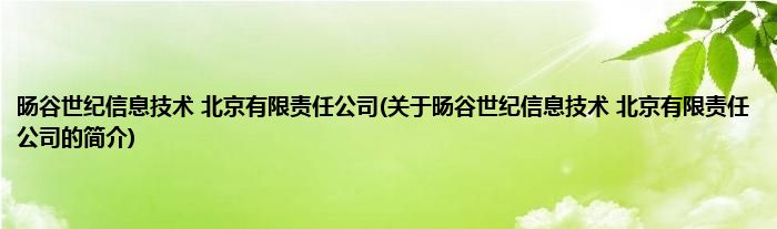 本文关于旸谷世纪信息技术 北京有限责任公司的简介就讲解完毕,希望对大家有所帮助。
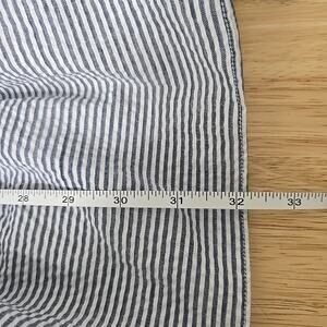 Chic mini dress with blue and white stripes. Features a ruffled hem and adjustable waist tie. Perfect for casual outings.
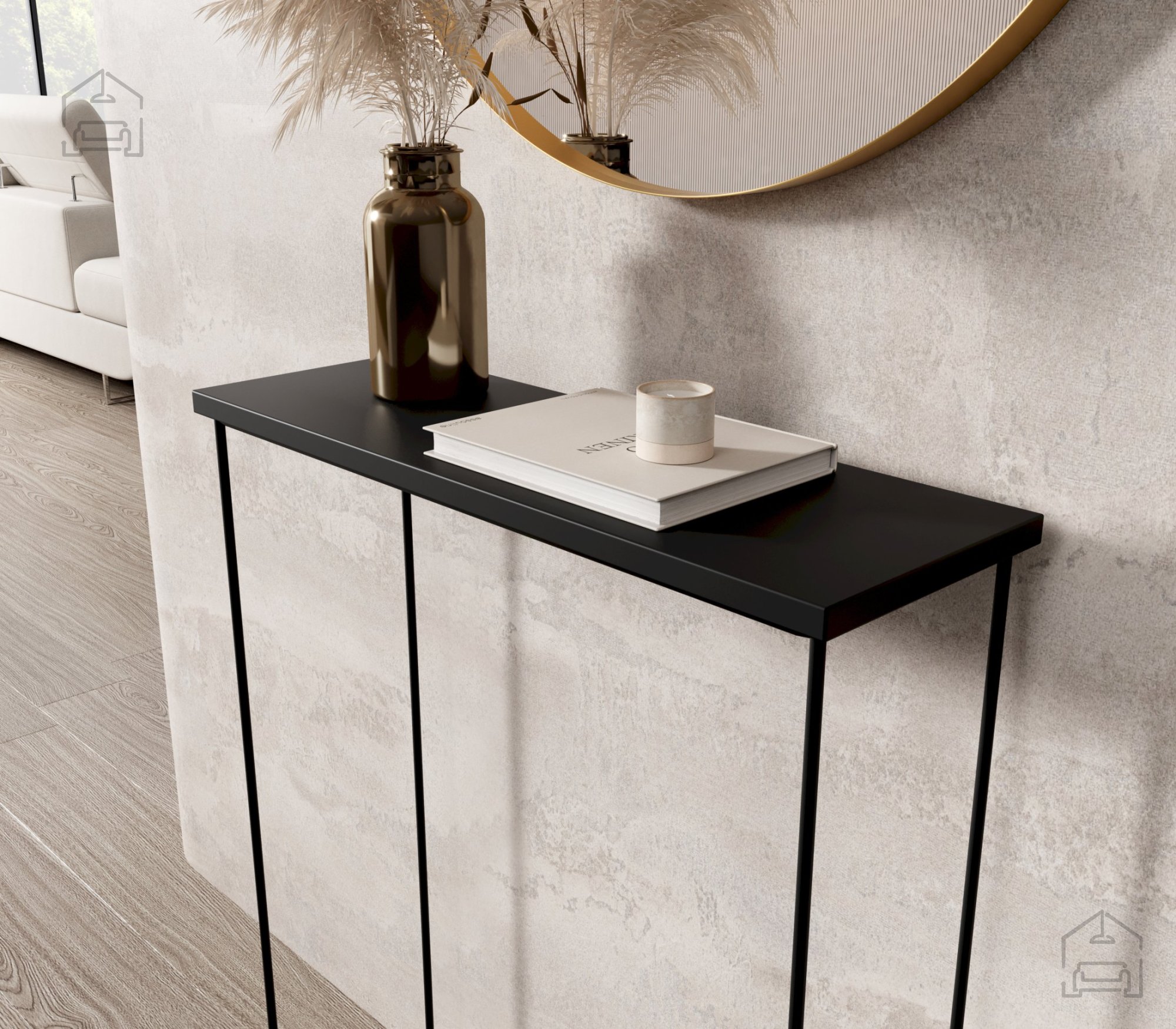 Sind Sie auf der Suche nach einem Möbelstück, das Eleganz, Funktionalität und zeitlose Schlichtheit vereint? Dann ist dieser moderne Konsolentisch genau das Richtige für Sie. Mit seinem minimalistischen Design und der edlen schwarzen Farbe passt er perfekt zu vielen Einrichtungsstilen – von modernen Stadtwohnungen bis hin zu klassisch gestalteten Häusern. Durch seine schmale, aber praktische Form lässt er sich mühelos im Vorzimmer, Wohnzimmer, Schlafzimmer oder sogar im Büro platzieren und sorgt überall für ein Gefühl von Ordnung und Stil.
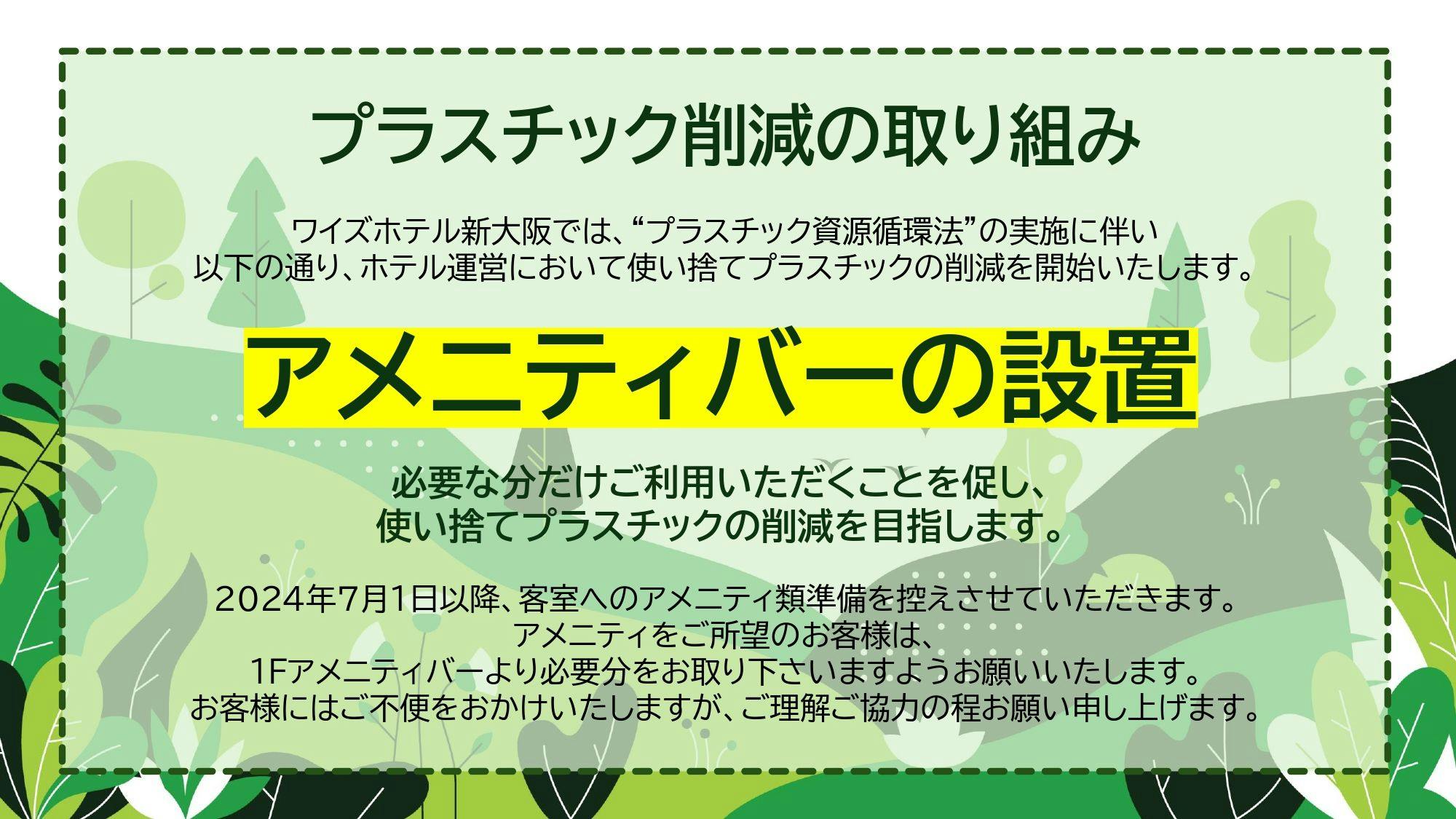 ワイズホテル新大阪は、新型コロナウィルス対応ガイドラインに則り、感染拡大防止策を実施致します。 1.スタッフのこまめな手洗いとマスク着用を徹底致します。 2.施設内の定期的な換気を行います。 3.設備、器具などの定期的な消毒・洗浄を行います。 玄関・ロビー・レストランにアルコール消毒液を設置、 エレベーターのボタン、各ドアノブの消毒を実施して おります。 4.人と人との接触機会を減らすことに取り組みます。 一定の距離を確保するソーシャルディスタンシングを 実施します。 フロントカウンターに飛沫防止板の設置を行います。 5.ホテル内掲示やホームページなどを活用し、ホテルの 取組をお客様に積極的にお知らせします。 ワイズホテル新大阪
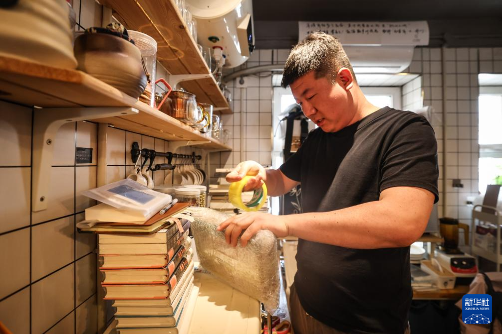 4月23日,潘新泽在门洞里书店为网购的读者打包书籍准备邮寄。
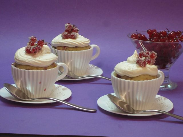 Маффины вынуть из духовки, отсадить белковый крем. Выпекать еще 10 минут. Для украшения 50 грамм смородины с веточками вымыть, окунуть в 40 грамм сахара, выложить на безе.
· · · · ·
- PROBLEM STATEMENT
The records above should be returned exactly; no image belongs in the copy.

- EXERCISE ANSWER
 本文关于旸谷世纪信息技术 北京有限责任公司的简介就讲解完毕,希望对大家有所帮助。
 Chic mini dress with blue and white stripes. Features a ruffled hem and adjustable waist tie. Perfect for casual outings.
 Sind Sie auf der Suche nach einem Möbelstück, das Eleganz, Funktionalität und zeitlose Schlichtheit vereint? Dann ist dieser moderne Konsolentisch genau das Richtige für Sie. Mit seinem minimalistischen Design und der edlen schwarzen Farbe passt er perfekt zu vielen Einrichtungsstilen – von modernen Stadtwohnungen bis hin zu klassisch gestalteten Häusern. Durch seine schmale, aber praktische Form lässt er sich mühelos im Vorzimmer, Wohnzimmer, Schlafzimmer oder sogar im Büro platzieren und sorgt überall für ein Gefühl von Ordnung und Stil.
 ワイズホテル新大阪は、新型コロナウィルス対応ガイドラインに則り、感染拡大防止策を実施致します。 1.スタッフのこまめな手洗いとマスク着用を徹底致します。 2.施設内の定期的な換気を行います。 3.設備、器具などの定期的な消毒・洗浄を行います。 玄関・ロビー・レストランにアルコール消毒液を設置、 エレベーターのボタン、各ドアノブの消毒を実施して おります。 4.人と人との接触機会を減らすことに取り組みます。 一定の距離を確保するソーシャルディスタンシングを 実施します。 フロントカウンターに飛沫防止板の設置を行います。 5.ホテル内掲示やホームページなどを活用し、ホテルの 取組をお客様に積極的にお知らせします。 ワイズホテル新大阪
 4月23日,潘新泽在门洞里书店为网购的读者打包书籍准备邮寄。
 Маффины вынуть из духовки, отсадить белковый крем. Выпекать еще 10 минут. Для украшения 50 грамм смородины с веточками вымыть, окунуть в 40 грамм сахара, выложить на безе.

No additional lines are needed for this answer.